There’s a part of me that enjoys the city for a brief while. I love the art galleries and the new thoughts and emotions created there as I absorb those images. I enjoy wandering the back streets watching how the city works, looking at the small shops full of impossible things. Except here they are in front of me and I wonder at how a store survives selling these esoteric props for life. And then I remember how many people surround me and remember that out of this number there are enough to support even the most estoric of products.
There’s an energy that’s impossible to replicate in the city. There are huge numbers of artistic events, galleries, coffee shops full of the chattering masses, and many things to do for any number of tastes. I have found several interesting bookstores on these trips but even there, in that place of silent books, there’s a restless energy as if the shelves are holding their breath while the next best-seller is unpacked. The two used bookstores I visited are legendary and so too are their prices. It would seem that costs such as rent in the city core does not allow the luxury of low priced, used bookstores. I can’t remember the last time I visited two used bookstores in the same afternoon and didn’t liberate a single book for my collection.

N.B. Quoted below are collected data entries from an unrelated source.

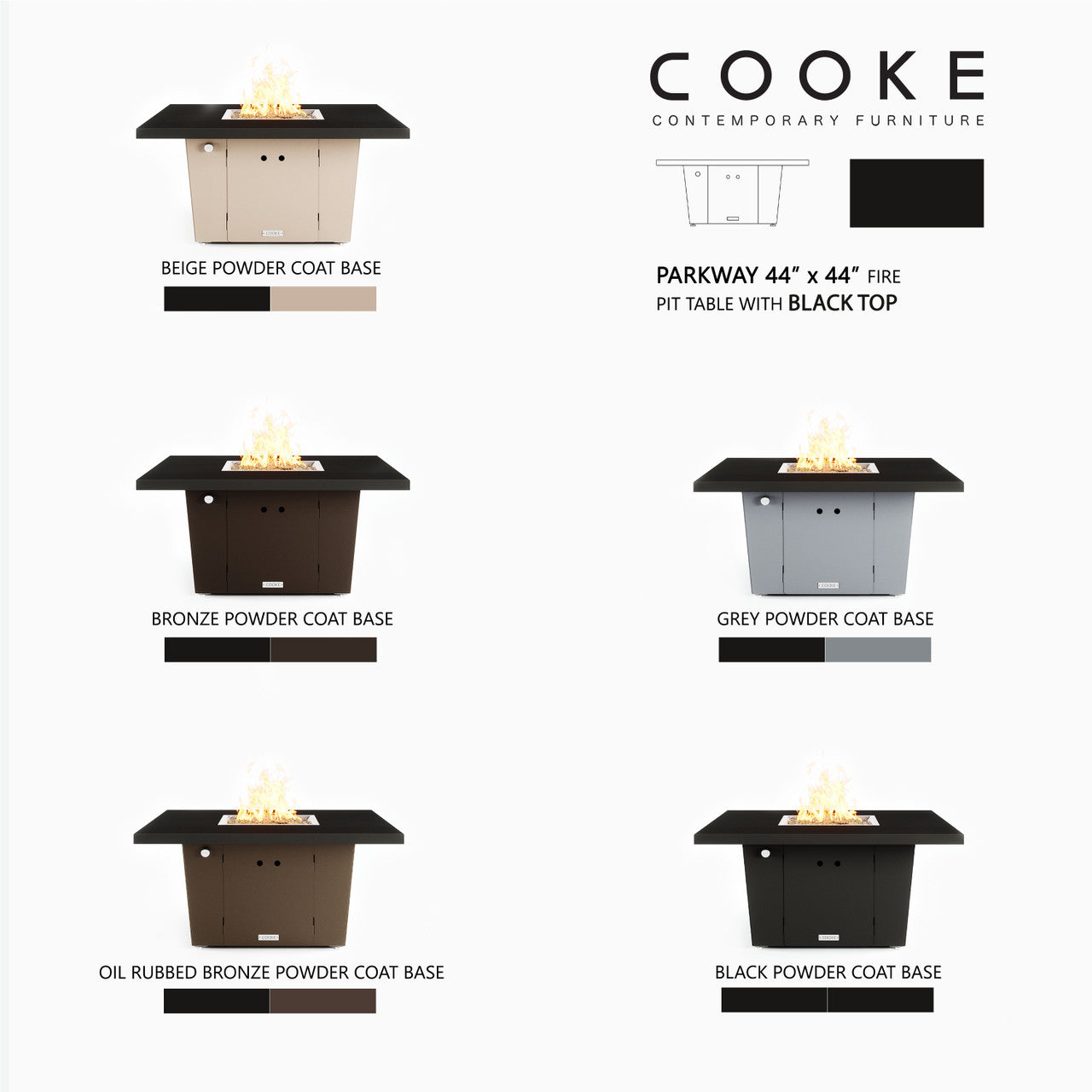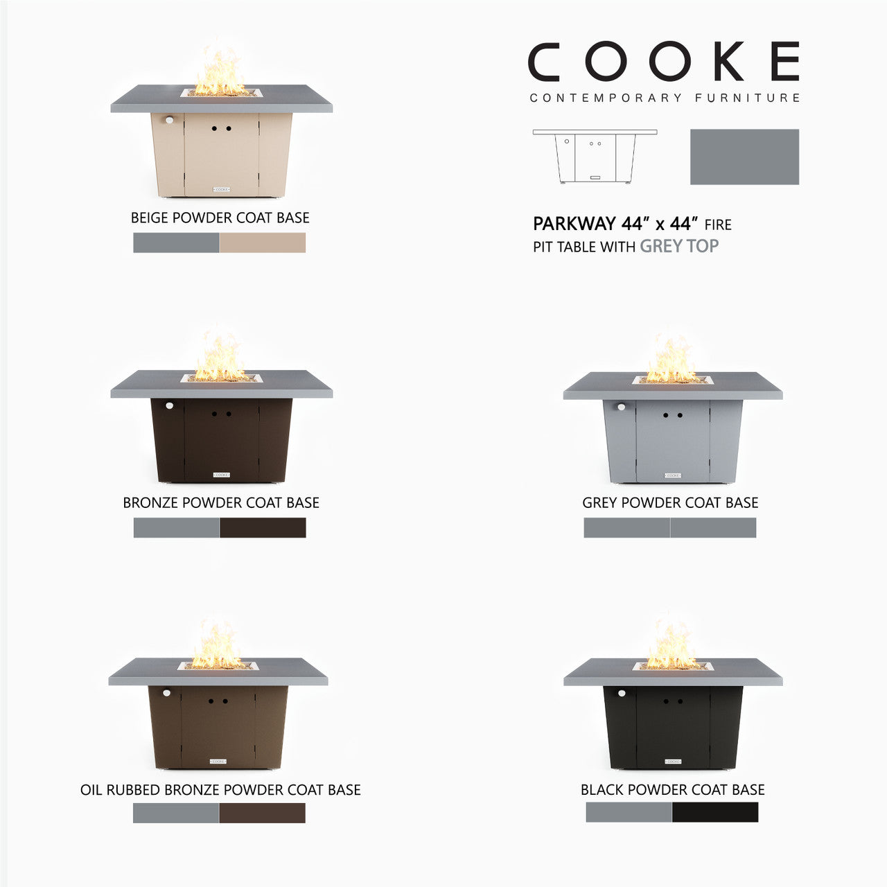 The Parkway fire pit table is COOKE's solution to a great-looking, quality, made-in-USA square fire pit table that is versatile and a great value. This chat height fire pit table features a generous table top with 3cm edge on a 21" tall slightly tapered base. This table has lighter lines, a more traditional look, but a clean simplicity that will continue to look fresh. This table is big enough for ample seating but is carefully designed to be integrated into landscaped lounge areas, open patio spaces with planters, or near fountains and water features. The COOKE Parkway is hands down the best value for an all aluminum or real stone fire pit table.
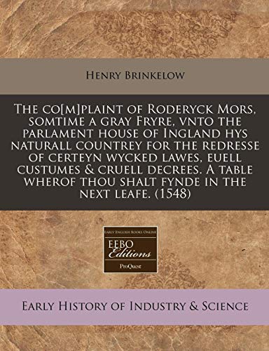 You are about to access our book library "The co[m]plaint of Roderyck Mors, somtime a gray Fryre, vnto the parlament house of Ingland hys naturall countrey for the redresse of certeyn wycked ... thou shalt fynde in the next leafe. (1548) full version"
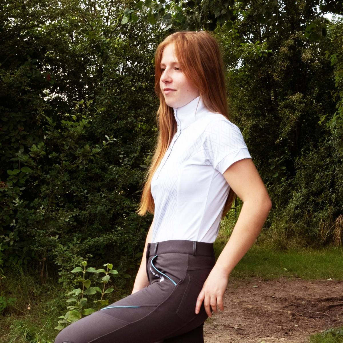 Ce dessus de concours Divine de chez Equestre à col haut est originale avec son design géométrique gris sur fond blanc et, sa fermeture avec 6 boutons en "pierres" argentées.
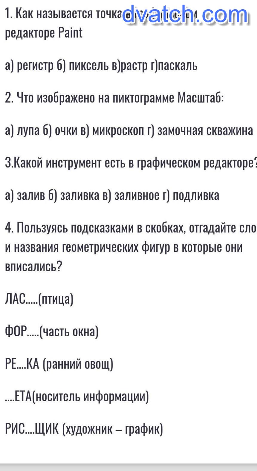 :1 б, 2 а, 3 б, 4 ласточка, форточка, редиска, дискета. Художник-График незнаю
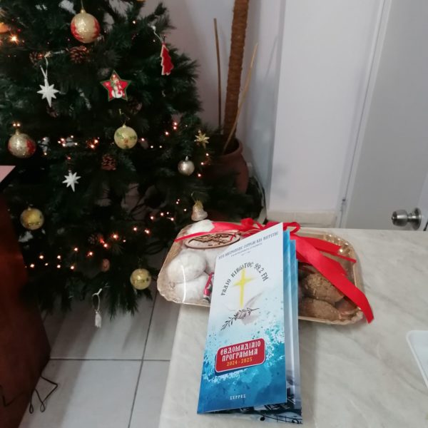 Εξάλλου, σήμερα, Δευτέρα 23 Δεκεμβρίου, προπαραμονή των αγίων Χριστουγέννων, μαθητές και μαθήτριες του Μουσικού και Ειδικού Σχολείου, του 14ου και 31ου Νηπιαγωγείου της πόλεως των Σερρών, καθώς και η Νεανική Χορωδίατης Εκκλησίας των Σερρών «Αγγέλων Φωνές», έψαλαν με τις γλυκόλαλες φωνές τους,στο Επισκοπείο Σερρών, τα πατροπαράδοτα εόρτια κάλαντα, στον Σεβ. κ. Θεολόγο, ο οποίος με την σειρά του,προσέφερε σε όλουςχριστουγεννιάτικες «ευλογίες», επικαλούμενος πλούσια την χάρη του αγίου Θεού, προς πνευματική υποδοχή και χριστιανοπρεπή εορτασμό της μεγάλης χριστιανικής εορτής, της γεννήσεως του Κυρίου μας Ιησού Χριστού.

As I walk the daytime streets, full of busy people going about their city lives, I note one in a hundred will meet my eyes and only one or two of them have smiled in return. These walkers have no time for casual contact with a stranger. Out of place, I think how I would feel if I were a refugee from a small distant village where I’d grown up with and lived with the same people all of my life. It is a far cry from my home where we still wave as we drive by each other on our narrow roads and having another person ahead of you at the four-corners stop sign is a major traffic event.
There’s no silence on the streets. Even at 3am, when I wake to the sound of party returners celebrating past my hotel room door, the city isn’t sleeping. There are cars on the freeway, growling trucks rolling the streets below as they feed the needs and dreams of this sprawling collection of humanity. People still walk the streets at this hour, I can see them from my hotel window. In reduced numbers to be sure, but they’re there. Some walk briskly as if they still have a place they must be while others have no place except, hopefully, out of the wind and cold. I see a shadow on a building stand, and I watch as the shadow stretches its arms and then wraps them around its body in a lonely hug.
The lights of the office towers shine through the night and even though I can’t see a single body, I see many computer screens in the empty offices. “I am too important to be turned off,” they proclaim.
The train below rumbles with the power of diesel engines but I don’t stay upright long enough to watch them haul out the train. It’s time for me to tuck myself back under the thick comforter in this hotel and pretend that outside life isn’t there.
And in that, I understand I’ve learned the first rule of successful city living and a sad smile crosses my face as I drift off.